Eine etwas herzhaftere Diskussion zu den vorgestellten Beiträgen wäre wünschenswert gewesen. Die beachtliche Teilnehmerzahl und die Diskussionen in der Kaffeepause zeigen uns allerdings das Interesse an den wissenschaftlichen Arbeiten der BAW im Spannungsfeld Ästuar, Seeschifffahrt, Ausbau der Seehafenzufahrten und Hafenwirtschaft. Dazu zählt auch eine diligente Form der Kommunikation der Ergebnisse der Gutachten und Forschungen. Dr. Maik Bohne (HPA) fasste es in seiner Präsentation in etwa so zusammen: Ein erfolgreicher Kommunikationsprozess zur Umsetzung von Großprojekten wie eine mögliche Elbvertiefung muss maßgeblich auf der Klaviatur der Emotionen gespielt werden.

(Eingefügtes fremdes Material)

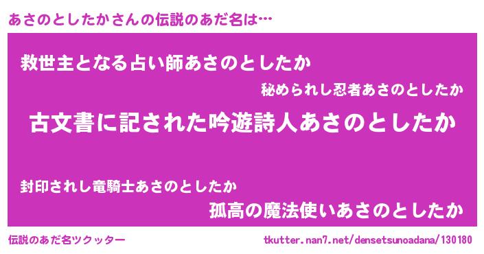 | 男性向けラノベタイトル風あだ名 | 『あさのとしたか~年齢イコール彼女いない歴の魔法使い~』 |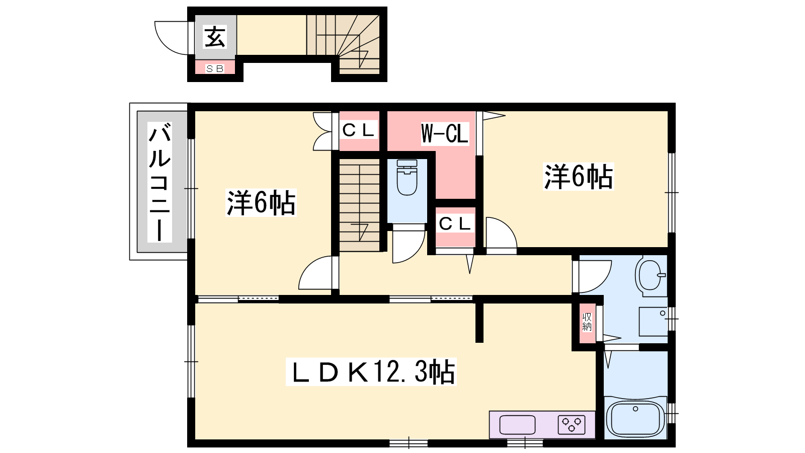 - LDK12.3帖、洋室6帖、洋室6帖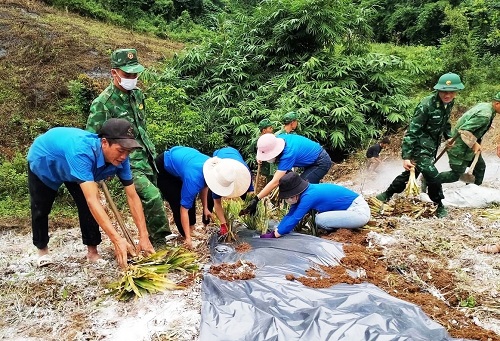 ĐVTN huyện Điện Biên tham gia mô hình trồng dứa.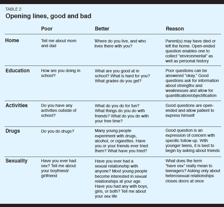 It is a mistake, for example, to say, “Tell me about your mom and dad.” This question assumes that the patient lives with both a mother and father. You may not know that a parent died recently or that a divorce is in the works. Start by asking, “Where do you live?” or, “Tell me about your living situation.” This can be followed by, “Who lives with you?” These questions allow the adolescent to describe exactly what is important to him at home. Then go on to find out what relationships are like at home and whether there has been a recent change-moving, running away, being institutionalized, or having someone join or leave the household. These events are extremely stressful to teens, who need a stable environment to accomplish the tasks of separating from parents, connecting with peers, and developing a positive self-image.
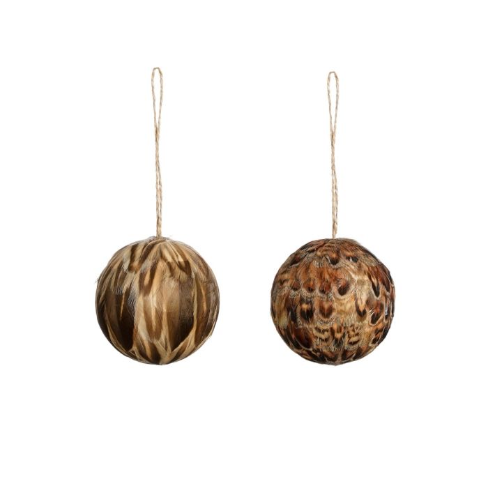 Ball-shaped ornament made of natural, brown feathers with string for hanging on branches, in windows or on the Christmas tree. The feathers vary in colors and patterns.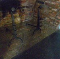 1 pair wrought iron fire dogs, found bricked up in the chimney of the Cutter Tufts - Russell Tavern, Mass Ave Demolished 1907 Andirons 11" tall, 3 hooks for split Record book 1A P18 JRH Inventory P2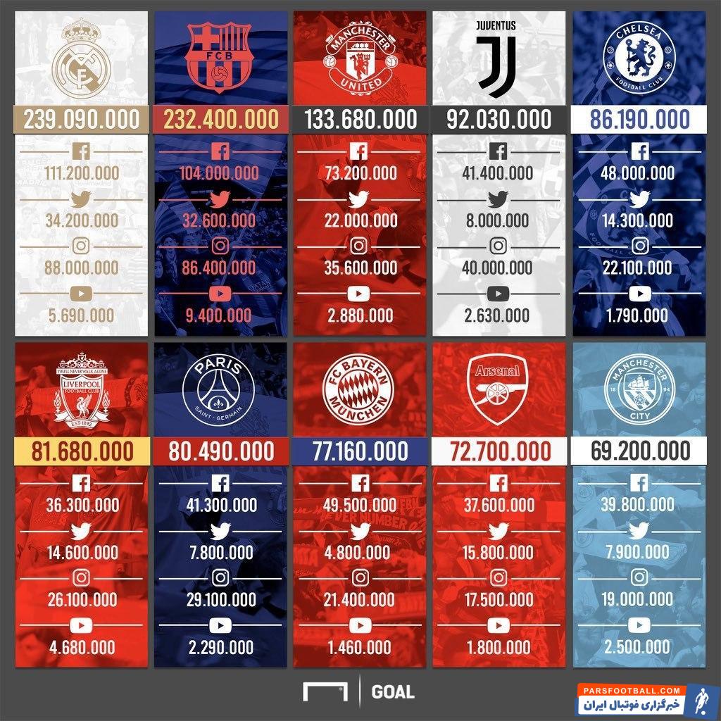 به نقل از وبسایت گل، رده بندی باشگاه های بزرگ اروپایی در شبکه های مختلف اجتماعی از نظر تعداد دنبال کننده به شرح تصویر زیر است. (فیس بوک، اینستاگرام، توئیتر و یوتیوب) در این رده بندی رئال مادرید ، بارسلونا و منچستریونایتد در رتبه های اول تا سوم هستند: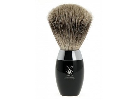 Scheerkwast van zuiver Fijndas. Zwart, serie Kosmo van MÜHLE. 21 mm, maat M. De kwast is aan de top licht bijgesneden om de typische vorm van de kwast te verkrijgen. Handvat is gemaakt edelhars, een zeer duurzaam materiaal. Het bovenste gedeelte van de greep is gemaakt van messing wat eerst wordt verzinkt en vervolgens afgewerkt met chroom. Fijndas is iets stugger dan Silvertip Dassenhaar. Een onderbuik van een das bestaat uit zo’n 20 tot 25% van deze haren. Om de typische vorm te verkrijgen, wordt de kroon lichtjes bijgesneden waar nodig. Een prima haar met uitstekende prestaties. De haren van de kwast zijn vervangbaar door een schroefmechanisme. De kosmopoliet heeft centraal gestaan voor het ontwerp van de Kosmo-productlijn. De moderne serie met haar tijdloze ontwerp en ergonomische vormgeving is ideaal voor de goed geschoren reiziger. Mooi maar ook praktisch.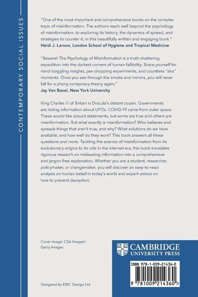 Using humorous examples and quality research, this book offers the first comprehensive, multidisciplinary analysis of why people believe and share misinformation, and if the internet has changed things. Suitable for students and researchers in psychology, politics, international relations, and sociology, as well as policymakers and changemakers.

Die Präsentationen der angesprochenen Vorträge finden sich unter www.baw.de http://www.baw.de/DE/service_wissen/publikationen/tagungsbaende/tagungsbaende.html.


 

[1] OECD/ITF (2015): ITF Transport Outlook 2015, OECD Publishing, Paris/ITF, Paris.
DOI: http://dx.doi.org/10.1787/9789282107782-en .

[2] Ultra-Large Container Ships (ULCS) ist die derzeit größte Containerschiffsklasse mit bis zu 22.000 TEU (http://www.meta-evolutions.de/pages/artikel-20080720-schiff-klasse-groesse.html). Das größte derzeit verkehrende Containerschiff, die MSC Oscar trägt maximal 19.224 TEU.

Verfasst von Steffen Grünler

Als wissenschaftlicher Angestellter prüfe, analysiere und interpretiere ich mittels komplexen Messtechnologien aufgenommene Daten. Der Fokus der Naturuntersuchungen liegt hierbei auf Strömungs- und Transportprozessen in Tideästuaren.